DeepSpeech on RPi 4 - integration into speech_recognition - bad/slow detection

Dear all,

for our privacy aware smart speaker I have tried to integrate DeepSpeech into the Python speech_recognition module. Unfortunately it turns out that while it does recognize a bit, most words are wrongly recognized, or often only very few words from a sentence. Plus, it is very slow.

This contradicts several reports I heard that it runs very well on RPi4.

The integration into SpeechRecognition can be seen here, it is only one function:

What it basically does is

language_model_file = ".../lm.binary"
trie_file = ".../trie"
prot_buffer_file = ".../output_graph.tflite"
beam_width = 500
lm_alpha = 0.75
lm_beta = 1.85
ds = Model(prot_buffer_file, beam_width)
desired_sample_rate = ds.sampleRate()
ds.enableDecoderWithLM(language_model_file, trie_file, lm_alpha, lm_beta)
raw_data = audio_data.get_raw_data(convert_rate=desired_sample_rate, convert_width=2)
recognized_metadata = ds.sttWithMetadata(np.frombuffer(raw_data, np.int16))

The rest is just finding the files and checking for parameters etc etc.

Is there anything the sticks out as completely wrong?

Thanks for any comments


It looks like this is 0.6.0. We have a bug on the 0.6.0 TFLite model that makes it mostly not working. Please try again with 0.6.1.

Quickly looking at the code, I see a lot of audio resampling and audio manipulations. Those can add artifacts that degrades the quality of the recognition with the current model.

Please give context on reproductibility of speech accuracy: it can also depend on speker’s accent, background noise, etc.

This is not really helpful. Please give more detailed informations.

That code is not using the streaming API at all, so it doesn’t surprise me that it’s slow. Does Uberi/speech_recognition not support streaming. Also, could you explain why you couldn’t use our Python package directly?

Hi @lissyx, hi @reuben
thanks for your comments.

First or all, yes, that was 0.6.0, I will retry with 0.6.1. Thanks for the info.

Concerning the audio resampling: I don’t think there is a lot, just one to get it into the rate required by deepspeech. @lissyx do you have any other complaints?

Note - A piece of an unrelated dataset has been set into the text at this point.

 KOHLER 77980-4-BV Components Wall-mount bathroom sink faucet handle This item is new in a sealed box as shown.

I don’t think that 1 resampling is bad, but necessary.

Concerning speech accuracy: Yes, I am not native, but sufficiently fluent and most STT systems recognize my pronunciation correctly. Background noise was not a problem, as I was testing at home, in silent surroundings.

Concerning speed: Sorry, I cannot give details - it felt like after the “talking part” it took again the same amount of time to recognize. This might be related to the question concerning “streaming API”, see below.

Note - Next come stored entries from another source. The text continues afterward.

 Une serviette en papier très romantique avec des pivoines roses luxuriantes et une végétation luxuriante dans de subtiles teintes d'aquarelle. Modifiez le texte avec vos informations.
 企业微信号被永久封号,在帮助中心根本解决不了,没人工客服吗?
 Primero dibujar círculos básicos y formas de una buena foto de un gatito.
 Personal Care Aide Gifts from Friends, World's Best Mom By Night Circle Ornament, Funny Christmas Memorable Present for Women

@reuben Yes, it is not using the streaming API, first because I am not the author of SpeechRecognition, secondly because I don’t know how to integrate it into SpeechRecognition. you ask why we don’t use the package directly: because we allow the user of our smart speaker/personal assistant to select the STT system, be it online Google or Sphinx. I want to add DeepSpeech, but it needs to integrate into the general environment, thus I am trying to get support for DeepSpeech into SpeechRecognition.

Again thanks everyone for the comments

It all depends on how resampling is done, and how it impacts the audio. I’m just listing what might impact.

Well, sorry, but current DeepSpeech dataset is very biaised towards American English, so it can have a big impact.

That would look like.

I don’t see any question regarding that, so far. Streaming API is documented and exampled at several places. Questions are welcome, but we don’t know speech_recognition so we can’t advise unless you ask more precisely.

Hi @lissyx
sorry for the late reply, real world intercepts, as usual.

I have now tried with deepspeech 0.6.1, and I still get bad result. Maybe it is my pronounciation. A list of things I believed I said and what was detected:

  • “what is the time” – “well i am”
  • “tell me a joke” – " panado"
  • “who is David Bowie” – “who is the foe”

So as you see, there is quite some difference in what I expect and what comes out.

I tried also with the deepspeech command directly, but I’m not sure how to record appropriately, that is, the correct arecord invocation. I tried several, most of them ending with cannot fit 'int' into an index-sized integer errors from the deepspeech command.

I guess arecord --channels=1 --format=S16_LE should do it

Please make sure you speak loud enough and there is no noise. Please ensure you are not dropping frames (use two separated threads for audio and for deepspeech) if you use Streaming API.

Make sure you are enabling language model, and with proper parameters.

Please also triple check that you are using 0.6.1 tflite model file, we had to re-export it to fix a bug, and poor inference was a symptom.

For your accent, I can’t really tell more than yes, English model is biaised towards American accent.